#### WHAT NEEDS TO BE DONE
Return all of the data exactly, with nothing left out but the pictures.

#### DATA PROVIDED

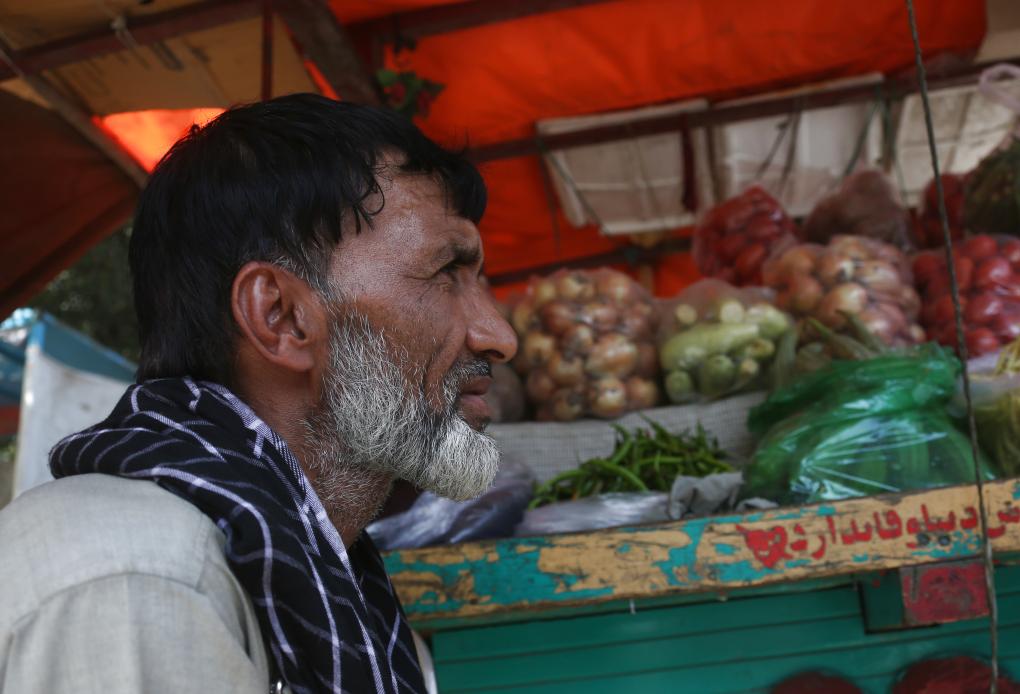 8月13日,在阿富汗首都喀布爾,一位菜販在攤位前等待顧客。新華社發(fā)(塞夫拉赫曼·薩菲 攝)
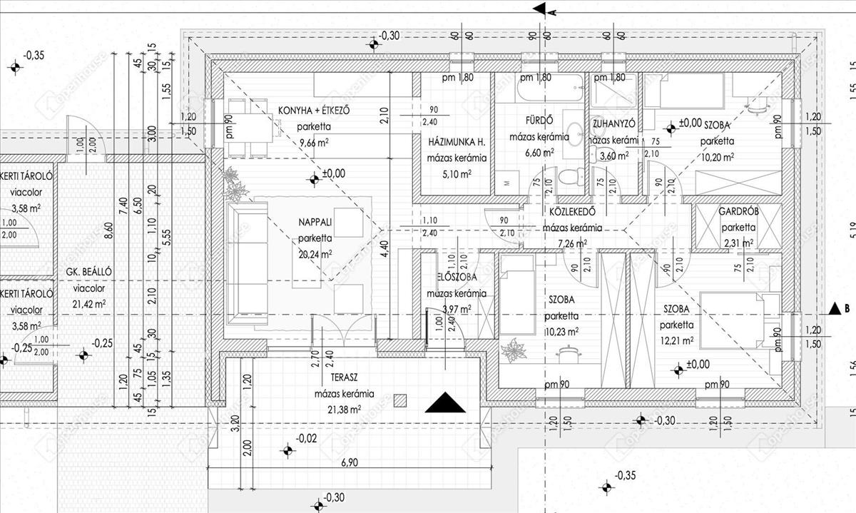 Az ingatlan hasznos alapterülete 91, 38 m2, terasz 21. 44m2, (21, 42m2) gépkocsitároló és kerti tároló 3. 58m2. Csendes aszfaltozott utcában van a házikó, a környékben bevásárlási lehetőség, buszmegálló, bölcsőde 10 perc sétán belül. 3 Hálószoba, egy hatalmas amerikakonyhás nappali, fürdőszoba + gépészeti helyiség és egy plusz zuhanyzó is megtalálható az lakásban. Saját kert 330 m2.
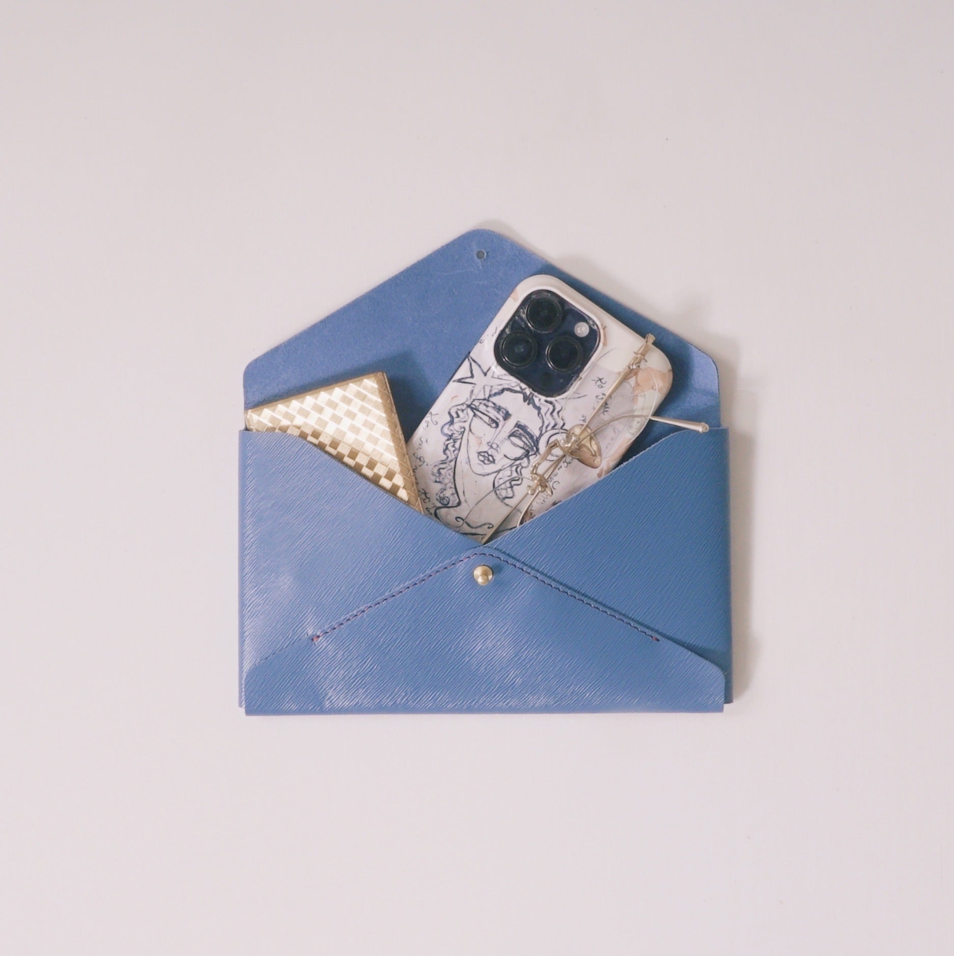 Hand made pouch from leather leftovers. Envelope design, made to fit large phone, passport, lipstick & more.
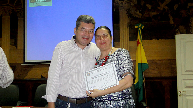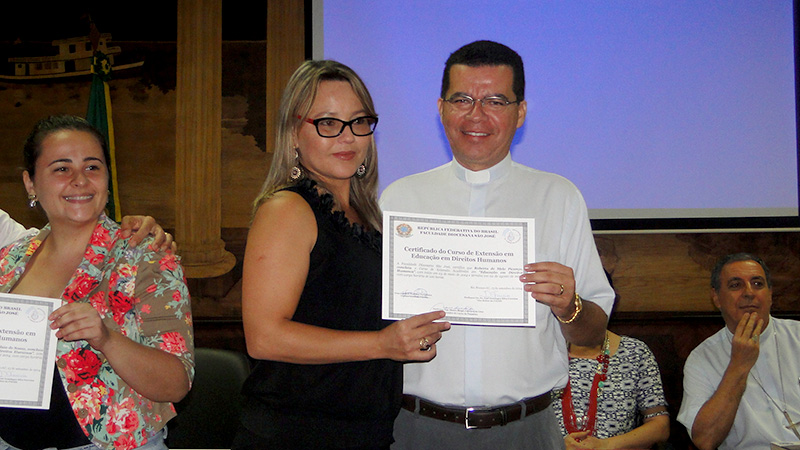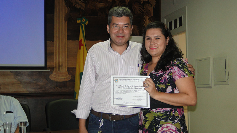 A solenidade, conduzida pela juíza de Direito Titular da Vara de Execuções de Penas e Medidas Alternativas (Vepma) da Comarca de Rio Branco, Maha Manasfi, contou com a presença do diretor da Faculdade Diocesana, Dom Joaquín Pertiñez e do vice-diretor e coordenador padre Domingos Ferreira; do coordenador do Curso de Filosofia e coordenador do Curso em Direitos Humanos, professor Mauro Sérgio; e do secretário de estado de direitos humanos, Evandro Rosas.

#### ANSWER TO THIS TASK
 8月13日,在阿富汗首都喀布爾,一位菜販在攤位前等待顧客。新華社發(fā)(塞夫拉赫曼·薩菲 攝)
 Az ingatlan hasznos alapterülete 91, 38 m2, terasz 21. 44m2, (21, 42m2) gépkocsitároló és kerti tároló 3. 58m2. Csendes aszfaltozott utcában van a házikó, a környékben bevásárlási lehetőség, buszmegálló, bölcsőde 10 perc sétán belül. 3 Hálószoba, egy hatalmas amerikakonyhás nappali, fürdőszoba + gépészeti helyiség és egy plusz zuhanyzó is megtalálható az lakásban. Saját kert 330 m2.
 Hand made pouch from leather leftovers. Envelope design, made to fit large phone, passport, lipstick & more.
 A solenidade, conduzida pela juíza de Direito Titular da Vara de Execuções de Penas e Medidas Alternativas (Vepma) da Comarca de Rio Branco, Maha Manasfi, contou com a presença do diretor da Faculdade Diocesana, Dom Joaquín Pertiñez e do vice-diretor e coordenador padre Domingos Ferreira; do coordenador do Curso de Filosofia e coordenador do Curso em Direitos Humanos, professor Mauro Sérgio; e do secretário de estado de direitos humanos, Evandro Rosas.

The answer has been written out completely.